Я никогда ничего плохого о Сталине не слышал тогда. Наоборот, все его хвалили, и я не разобрался. Мне надо было бы попробовать сыграть его роль, может быть, тогда я почувствовал бы, что это за зверь. Я не любил свою школу, учителя казались мне ничтожными людьми, маленькими деспотами, но я не знал тогда, какая пропасть лежит между людьми, мне надо было прожить еще сорок лет, чтобы понять это.

Тогда же они учили меня жить, и это была их профессия. Они не хотели, чтобы я продолжал заниматься в драмкружке, так как это отвлекает меня от того, чему они желают меня научить. Школьные дневники мои были испещрены угрозами, призывами к родителям обратить внимание на сына: «дерзит», «грубит» и т. д.

Нервные двойки и колы в четыре клетки на каждой странице…

Отец всякий раз строго беседовал со мной, обещал «всыпать ремня», но никогда не бил, один раз только замахнулся. «Всыпать ремня» – это совершенно крестьянское выражение, происходит, по-видимому, из Петушков, где мой дедушка, наверное, своим детям это самое «всыпал». Отцу было неприятно, что я торчу в школе на плохом счету. Его политика была – сидеть тихо, так как во время войны он «выпал в осадок», тогда как все другие текли «на тот свет». Если бы он был военнопленный, с ним ясно было бы что, расстрелять или заморить в лагерях, но он прокрутился на острие и явился своим ходом в Сибирь, где легче затеряться было. Он ничего плохого не сделал, но загадочность его появления в Сибири в 1943 году была достаточна для того, чтобы отправить его на тот свет (на всякий случай). Но Сталин был занят более важными делами тогда. Конечно, он явился в Сибирь без партийного билета: естественно, его пришлось потерять во время его приключений в оккупированных деревнях. В общем, как отец добрался до совхоза «Маяк», эту тайну он унес в могилу. Факт тот, что он выбрался из оккупированных деревень труднопроходимыми лесами.

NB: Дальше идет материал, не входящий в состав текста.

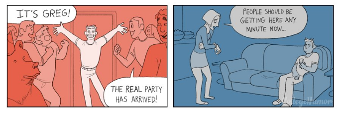 Le site CollegeHumor, que l'on aime tout particulièrement, nous a gratifié de petits dessins humoristiques sur les soirées. Parce qu'on rêve tous de soirées formidables, sauf que la réalité est très souvent différente, ces illustrations devraient vous parler.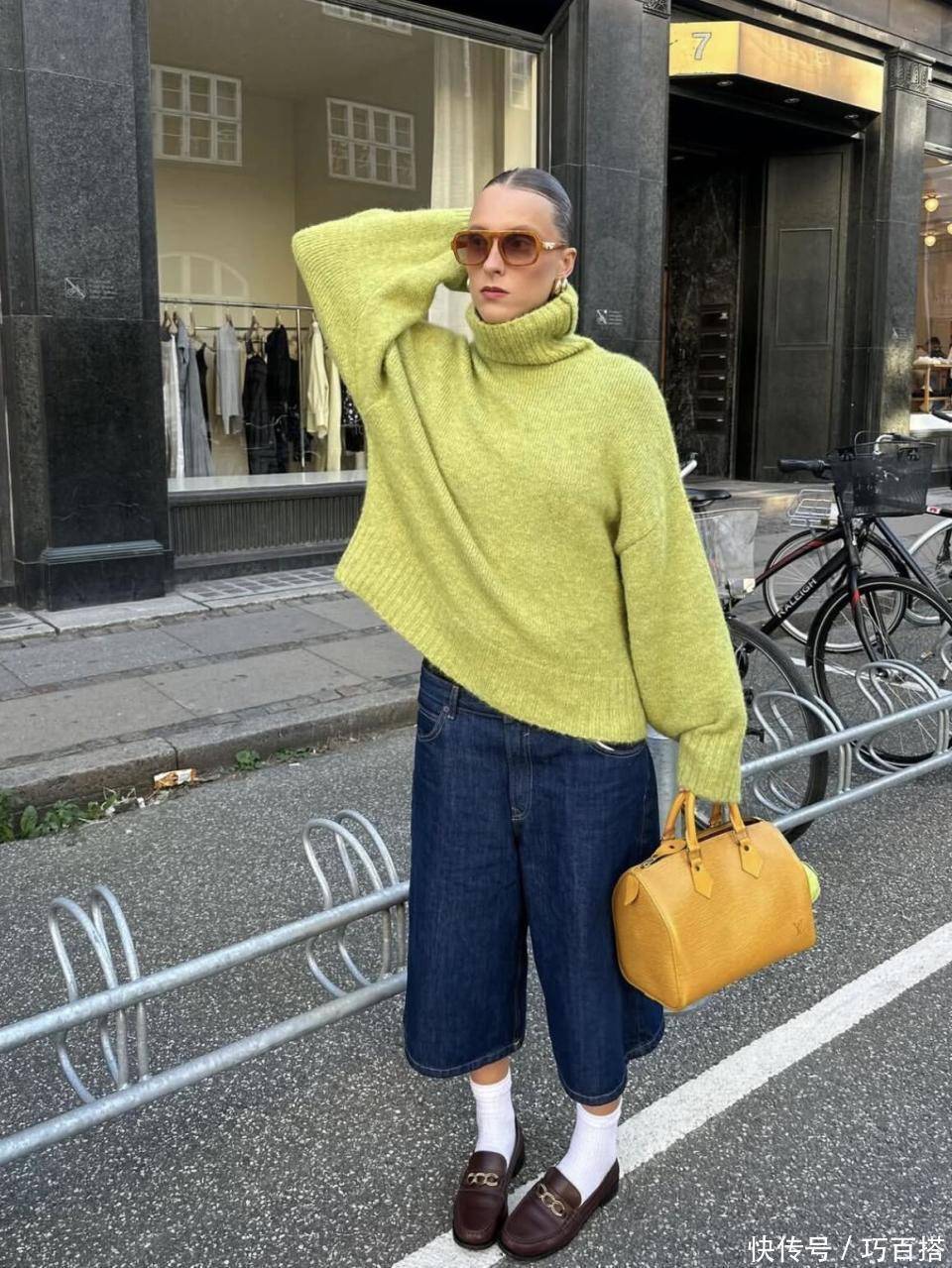 腈纶混纺或羊毛材质的彩色毛衣上身,有挺括感又精致立体,上身显瘦能力一绝,超高领设计既能挡住双下巴又能增加层次感和时髦氛围,单穿不单调,叠穿也有情调,对高个子女生来说非常友好。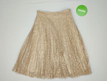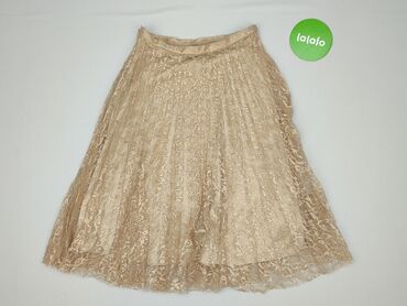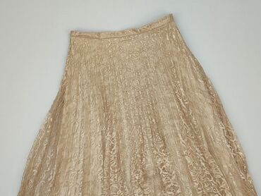 Beżowa spódnica midi z zakładkami - Fason: rozkloszowany, z głębokimi, miękko układającymi się zakładkami z przodu i z tyłu - Długość: midi - Talia: wysoka, gładki pas - Zapięcie: kryty suwak z bo...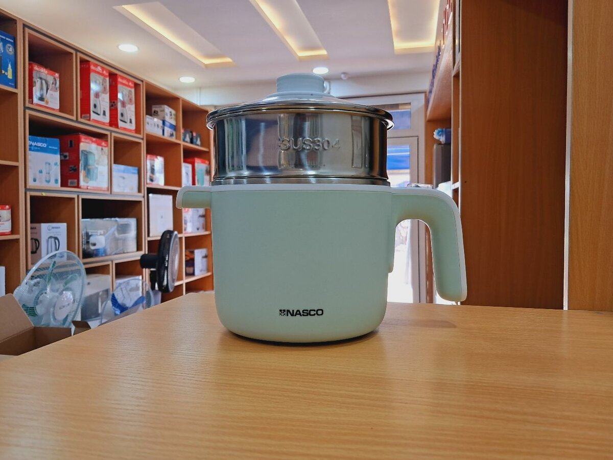 Contact us now for your Nasco Electric cooker now 1.2l capacity Plastic handle With SUS304 inner pot With SUS304 steamer Stainless steel heating element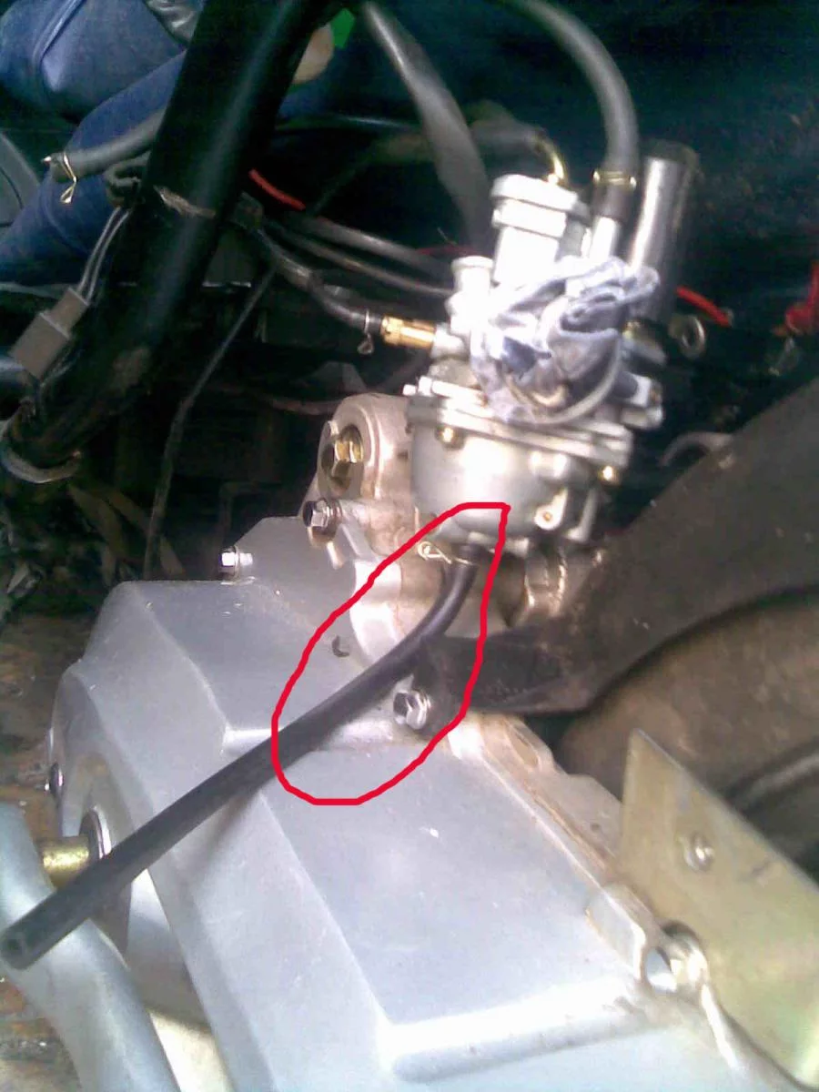 Китайский скут. Делали ремонт коллектора выхлопной трубы, разбирали полностью. Начали собирать, не можем понять, куда крепится шланг от карбюратора (шланг на фото). Голову всю изломал (в смысле не скуту, а себе), не знаю куда его деть и зачем он нужен!!???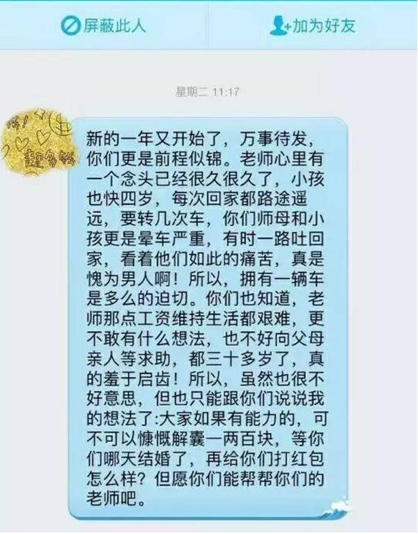 網(wǎng)帖中還上傳了數(shù)張疑似該老師與學生的QQ聊天截圖,其中的一張截圖中的對話道出了老師“眾籌”買車的原因:“新的一年又開始了,萬事待發(fā),你們更是前程似錦。老師心里有個念頭已經(jīng)很久了,小孩也快四歲了,每次回家都路途遙遠,要轉幾次車,你們師母和小孩更是暈車嚴重,有時一路吐回家,看看他們?nèi)绱送纯啵媸抢槟腥税。∷?,擁有一輛車是多么的迫切。你們也知道老師那些工資維持生活都很艱難,更不敢有什么想法,也不好向父母親人求助,都三十多歲了,真的羞于啟齒!所以,雖然也很不好意思,但是也只能跟你們說說我的想法了:大家如果有能力的,可不可以慷慨解囊一兩百塊,等你們哪天結婚了,再給你們打紅包怎么樣?但愿你們能幫幫你們的老師吧?!?/p>

Благодаря моему «хулиганству» в школе на отца ложилось подозрение, что он плохо меня воспитывает.

Вот так мы и жили. Иногда между отцом и матерью происходили ужасные сцены. Больше всего меня ужасали истерики матери, которые оставили глубокий след в моей душе.

Однако с театра военных действий возвратимся… в драматический театр. Апогеем успеха и вершиной моей карьеры актера был спектакль «Юбилей» по одноименной пьесе-юмореске Чехова. Я играл роль старого бухгалтера Хирина. Это было в конце 1954 года.

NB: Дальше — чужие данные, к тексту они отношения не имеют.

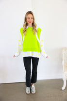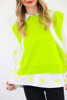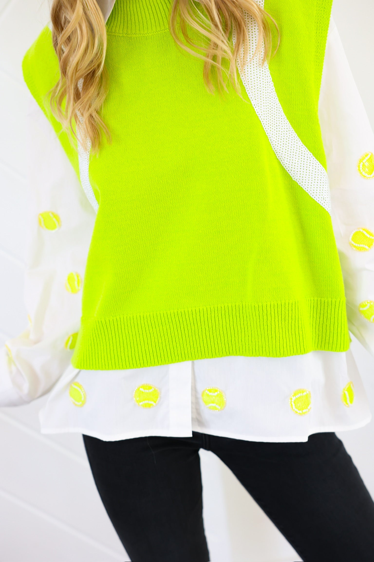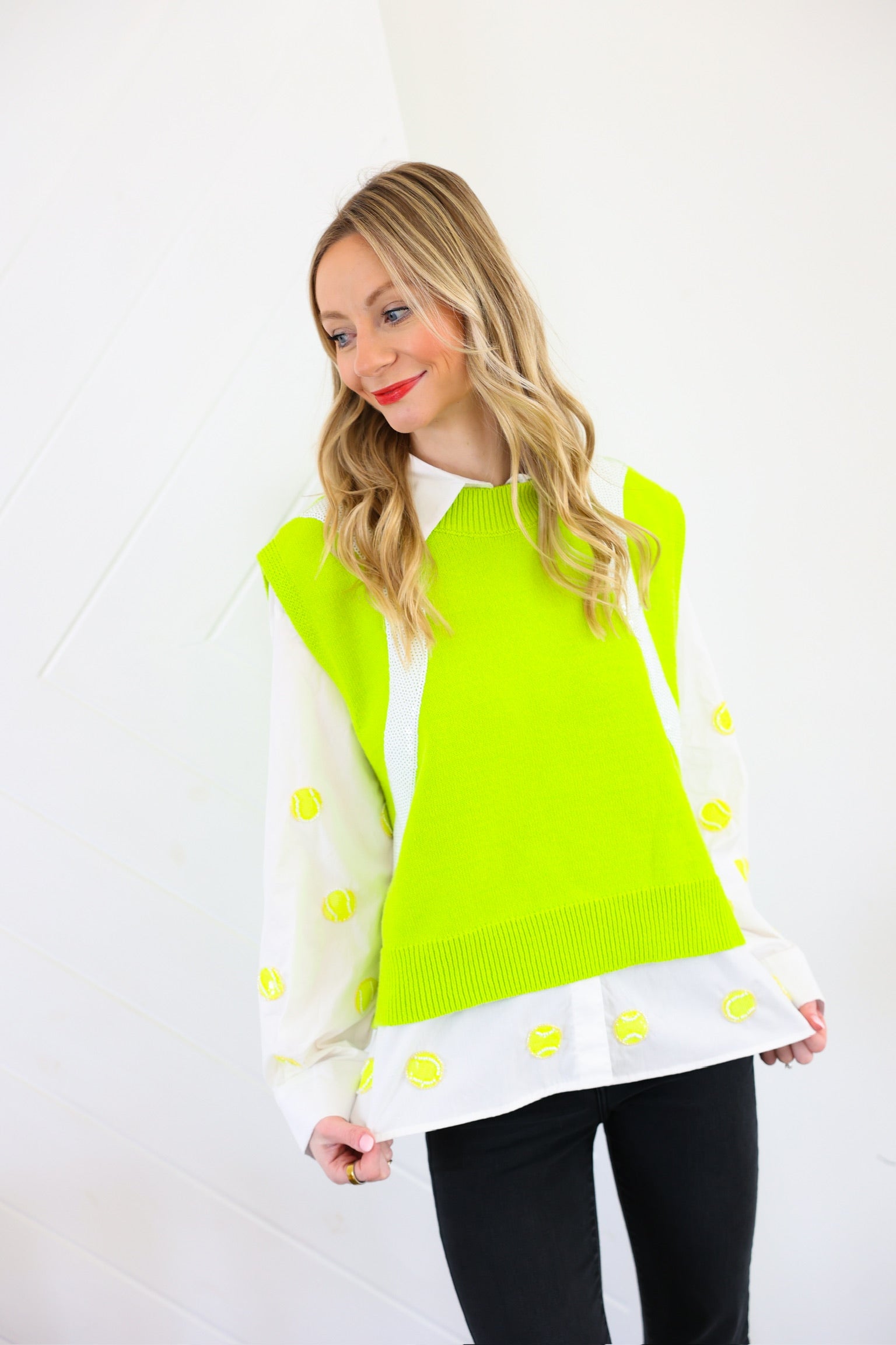 Serve up major style points with this playful yet elevated sweater vest from Queen of Sparkles 💚✨ Inspired by classic tennis aesthetics with a bold, fashion-forward twist, this fluorescent yellow sweater vest features sporty contrast paneling that gives a subtle nod to tennis ball detailing—without being over the top.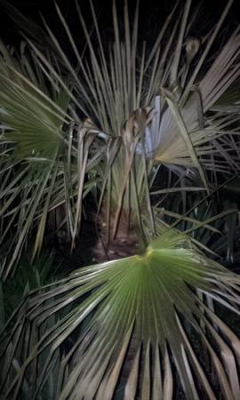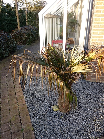 Wat is dit dan? Nee, deze palm heb ik (net zoals de rest) niet toegedekt de afgelopen periode. Toch ziet hij er (als enige) nog prima uit. Viel me wel op dat deze palm vorig jaar uit de grond "geknald" is.

Спектакль имел большой успех на вечерах старшеклассников в различных школах Ногинска. Соответственно, была полоса скандалов в школе и дома, так как я совсем запустил учебу.

13 марта 1955 года мы выступали в городском драматическом театре в Ногинске с этим спектаклем. Это было соревнование – отбор лучшего номера от города Ногинска для выступления в Москве на конкурсе всех городов Московской области, вернее, самодеятельных коллективов этих городов. Нас гримировали профессиональные актеры. После спектакля, вернее, после концерта нас завалили цветами, актеры нас целовали, обнимали, говорили комплименты! В общем, нас выбрали представлять в Москве город Ногинск. И что же! И там мы победили, в Москве! 29 марта 1955 года мы получили признание комиссии, состоявшей из старых известных актеров: «Вы играли как профессиональные актеры» – таково было общее мнение комиссии.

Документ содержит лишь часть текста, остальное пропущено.